Он знал, что случится сегодня. Кожей он ощущал надвигающийся тайфун. Сегодня умрут многие. Сегодня начнется война. Война, которая унесет жизни тысяч, сотен тысяч. Война, которая поставит человека на одну ступень с животными.

Когда-то давно, в прошлой жизни, Бенжу думал, что война может принести славу. Что она может сделать его героем. Но теперь он твердо уяснил, что в любой войне нет ничего славного. В ней есть только страх, умение его преодолевать, которое дураки зовут храбростью, и смерть.

Его снова захлестнуло чувство глубокого отвращения к самому себе, к тому, чем он стал.

Пытаясь унять дрожь в пальцах, Бенжу, несмотря на ранний час, налил себе вина. Он допивал второй кубок, когда снаружи послышались первые крики. Беспорядочные выстрелы быстро сменились звоном клинков. Бенжу не стал смотреть в окно.

Он взялся за бутылку, чтобы налить третий кубок, но в этот момент входная дверь распахнулась от удара.

Оставшийся в городе гарнизон оказался не способен оказать серьезного сопротивления толпе жадных до крови дикарей. Варвары застали большую часть солдат в казармах, полуголых и сонных. После короткой стычки остатки легионеров побросали оружие.
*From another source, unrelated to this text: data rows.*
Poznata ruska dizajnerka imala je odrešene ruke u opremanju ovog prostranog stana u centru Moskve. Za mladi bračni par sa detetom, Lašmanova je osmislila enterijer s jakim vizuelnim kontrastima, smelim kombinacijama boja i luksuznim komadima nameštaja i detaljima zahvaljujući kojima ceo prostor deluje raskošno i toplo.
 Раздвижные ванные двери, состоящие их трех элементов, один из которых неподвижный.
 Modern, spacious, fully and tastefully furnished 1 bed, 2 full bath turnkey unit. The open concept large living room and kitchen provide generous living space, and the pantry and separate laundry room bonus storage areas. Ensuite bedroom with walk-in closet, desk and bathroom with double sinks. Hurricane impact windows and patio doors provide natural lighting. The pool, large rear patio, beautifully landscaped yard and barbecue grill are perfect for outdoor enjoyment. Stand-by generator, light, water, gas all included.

Трупы павших сваливали в кучу прямо посреди главной площади – у основания кольев с отрубленными головами. Словно подношения павшим. Гномов, которые должны были сегодня отплывать, не тронули. Коротышек, Бенжу и ничего не понимающих горожан построили перед зданием ратуши. Городская площадь была похожа на бушующее грязное море – на ней столпилось не меньше тысячи одетых в шкуры бессов.
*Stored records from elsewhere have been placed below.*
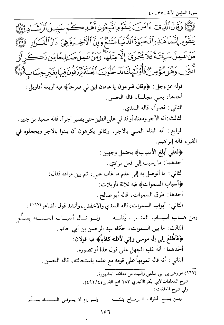 وقال الذي آمن يا قوم اتبعون أهدكم سبيل الرشاد يا قوم إنما هذه الحياة الدنيا متاع وإن الآخرة هي دار القرار من عمل سيئة فلا يجزى إلا مثلها ومن عمل صالحا من ذكر أو أنثى وهو مؤمن فأولئك يدخلون الجنة يرزقون فيها بغير حساب} قوله عز وجل: {وقال فرعون يا هامان ابن لي صرحاً} فيه أربعة أقاويل: أحدها: يعني مجلساً، قاله الحسن. الثاني: قصراً، قاله السدي. الثالث: أنه الآجر ومعناه أوقد لي على الطين حتى يصير آجراً , قاله سعيد بن جبير. الرابع: أنه البناء المبني بالآجر، وكانوا يكرهون أن يبنوا بالآجر ويجعلوه في القبر , قاله إبراهيم. {لعلّي أبلغ الأسباب} يحتمل وجهين: أحدهما: ما يسبب إلى فعل مرادي. الثاني: ما أتوصل به إلى علم ما غاب عني , ثم بين مراده فقال: {أسباب السموات} فيه ثلاثة تأويلات: أحدها: طرق السموات , قاله أبو صالح. الثاني: أبواب السموات , قاله السدي والأخفش , وأنشد قول الشاعر: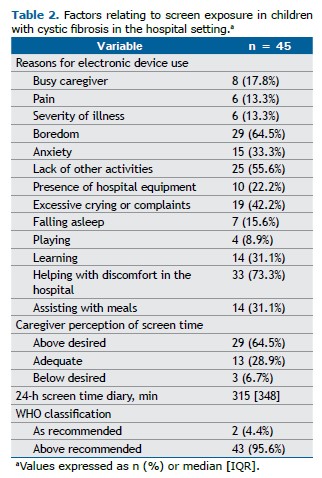 One of the limitations of our study is its cross-sectional design, which does not allow for inferences over time. Another limitation is the self-report nature of the recall diary used to record ST; because this is a subjective measure, it may be underestimated by the observer. In addition, our sample was small because of low hospitalization rates in the pediatric population. Furthermore, ours was a convenience sample, which does not allow generalization of the results for this population. On the other hand, one strength of the present study is its contribution to a better understanding of screen exposure, a highly relevant issue today. We believe that our study can foster reflection and support the development of future measures in hospital settings to guide patients and their families regarding ST. Additionally, our analysis of the association between ST and other important factors affecting the lives of CF patients adds significant value to research.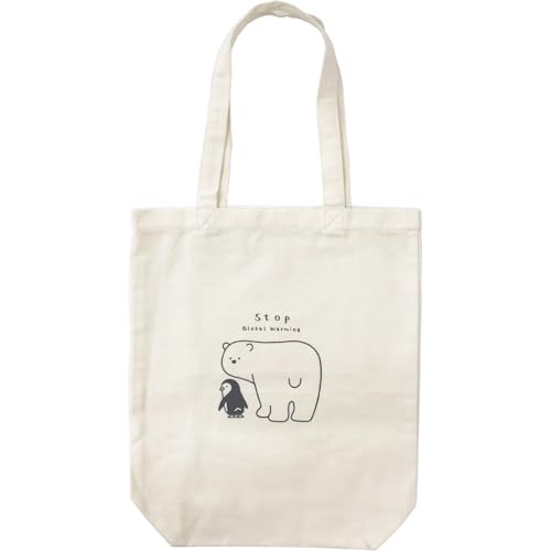 トートバッグは、シロクマとペンギンの可愛いイラスト入り。キャンバス素材でA4サイズ対応、内ポケット付き、マチあり。肩掛けも可能で、エコバッグとしても便利です。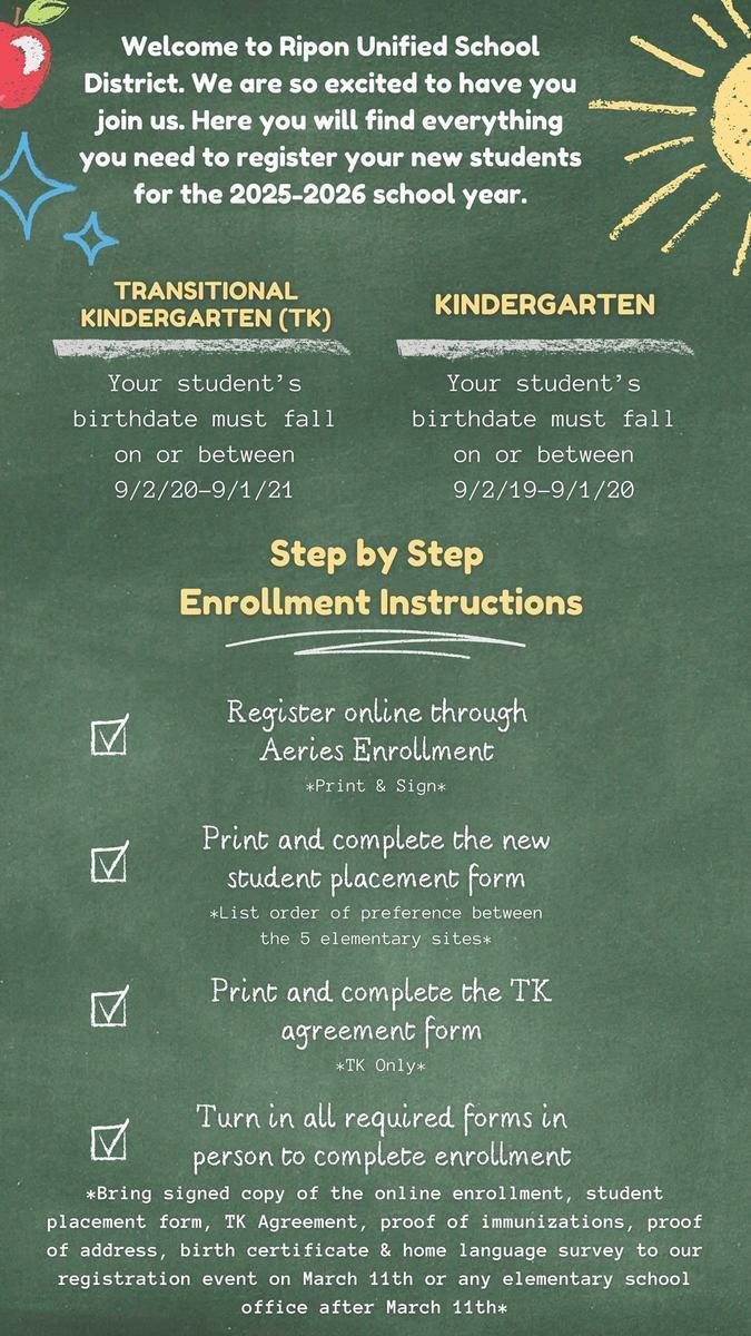 ALL TK-8TH grade registration packets will be time and date stamped, and placed in the order in which it is received. Registrations can be turned in to any elementary school site.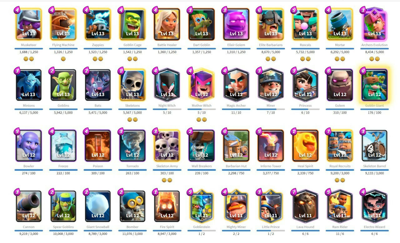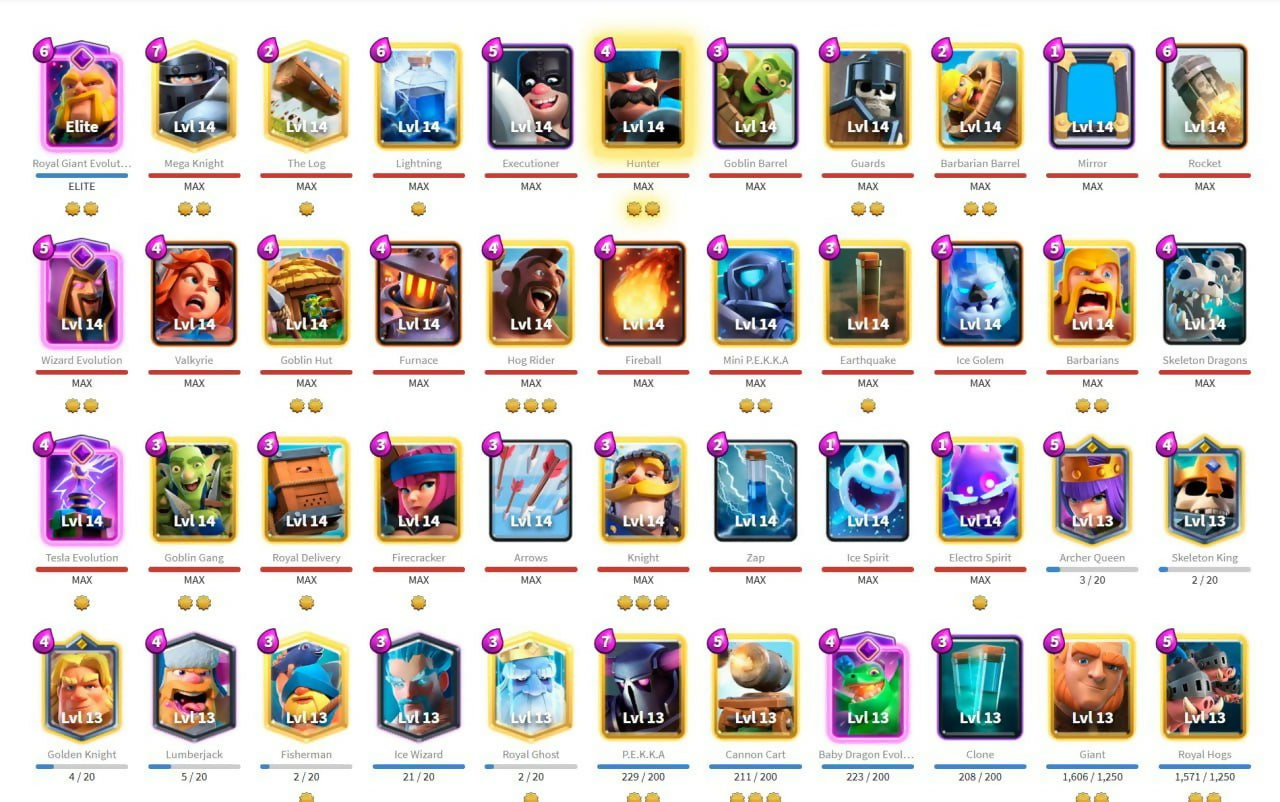 A bunch of cards, many of which are pumped to level 14 (and 13 with the ability to upgrade to 14)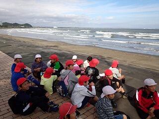 最終日は部屋の掃除点検も1回で合格しました。みんな元気で朝ご飯もたくさん食べました。雨も上がって青島にサイクリング 景色も最高 。 楽しみだった磯遊びに大喜びの子どもたちです。 あのチキンナンバンが撮影に来ていたので写真を心よく撮らせてもらいました。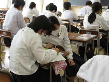 6月9日(木)2年生「授業の様子」 公開日 2022/06/09 更新日 2022/06/09 お知らせ※2024以前 1組の理科の授業は「金属と結びつく酸素の質量とそのグラフ」の学習です。互いに教え合ったり、表の見方を確かめたりして理解を深めていました。

Немногие оставшиеся в живых солдаты стояли на коленях, со связанными за спиной руками. А позади каждого стоял берсерк с копьем.
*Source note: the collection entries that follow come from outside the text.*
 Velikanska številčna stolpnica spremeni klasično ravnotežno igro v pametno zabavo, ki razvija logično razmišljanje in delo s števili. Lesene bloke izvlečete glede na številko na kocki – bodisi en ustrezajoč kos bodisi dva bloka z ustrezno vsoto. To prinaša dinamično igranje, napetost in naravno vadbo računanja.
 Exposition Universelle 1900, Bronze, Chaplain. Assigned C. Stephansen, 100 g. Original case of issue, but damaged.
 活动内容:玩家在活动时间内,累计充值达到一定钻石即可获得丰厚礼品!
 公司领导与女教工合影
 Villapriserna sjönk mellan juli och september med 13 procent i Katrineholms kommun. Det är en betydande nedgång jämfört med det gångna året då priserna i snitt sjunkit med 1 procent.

Когда во двор вытащили еще не до конца протрезвевшего Квинта Уминора, тот бубнил что-то невразумительное и требовал свой меч. Ведро ледяной воды привело его в чувство. Осознав, что произошло, красноносый мужчина упал на колени и принялся молить о пощаде.

В этот момент толпа расступилась.

Вперед, верхом на красном жеребце, выехал статный мужчина. В отличие от большинства варваров, у этого напрочь отсутствовала борода. Длинные рыжие волосы с легким налетом седины, заплетенные во множество тонких косичек, аккуратно объединялись сзади в хвост. Голову мужчины венчал широкий стальной обруч. Несмотря на холод, на нем была лишь тонкая рубашка и кожаные штаны, заправленные в высокие сапоги.

– Знаешь, кто я? – спросил он у теперь уже бывшего коменданта Изерона.

Губы Квинта дрожали, то ли от холода, то ли от страха.

– Х… херкул… – запинаясь, вымолвил он.

Мужчина на лошади кивнул.

Тогда бессы принялись убивать выживших в бойне легионеров. Копья и мечи поднимались и опускались, разбрызгивая кровь. Каждый взмах оружия означал смерть. Один молодой солдат сумел освободить руки. Он вскочил и побежал в отчаянной, но бесполезной попытке спастись. Толпа дикарей смеялась над пареньком, метавшимся во все стороны. Варвары отпихивали его, сбивали с ног, наносили болезненные, но не смертельные раны кинжалами.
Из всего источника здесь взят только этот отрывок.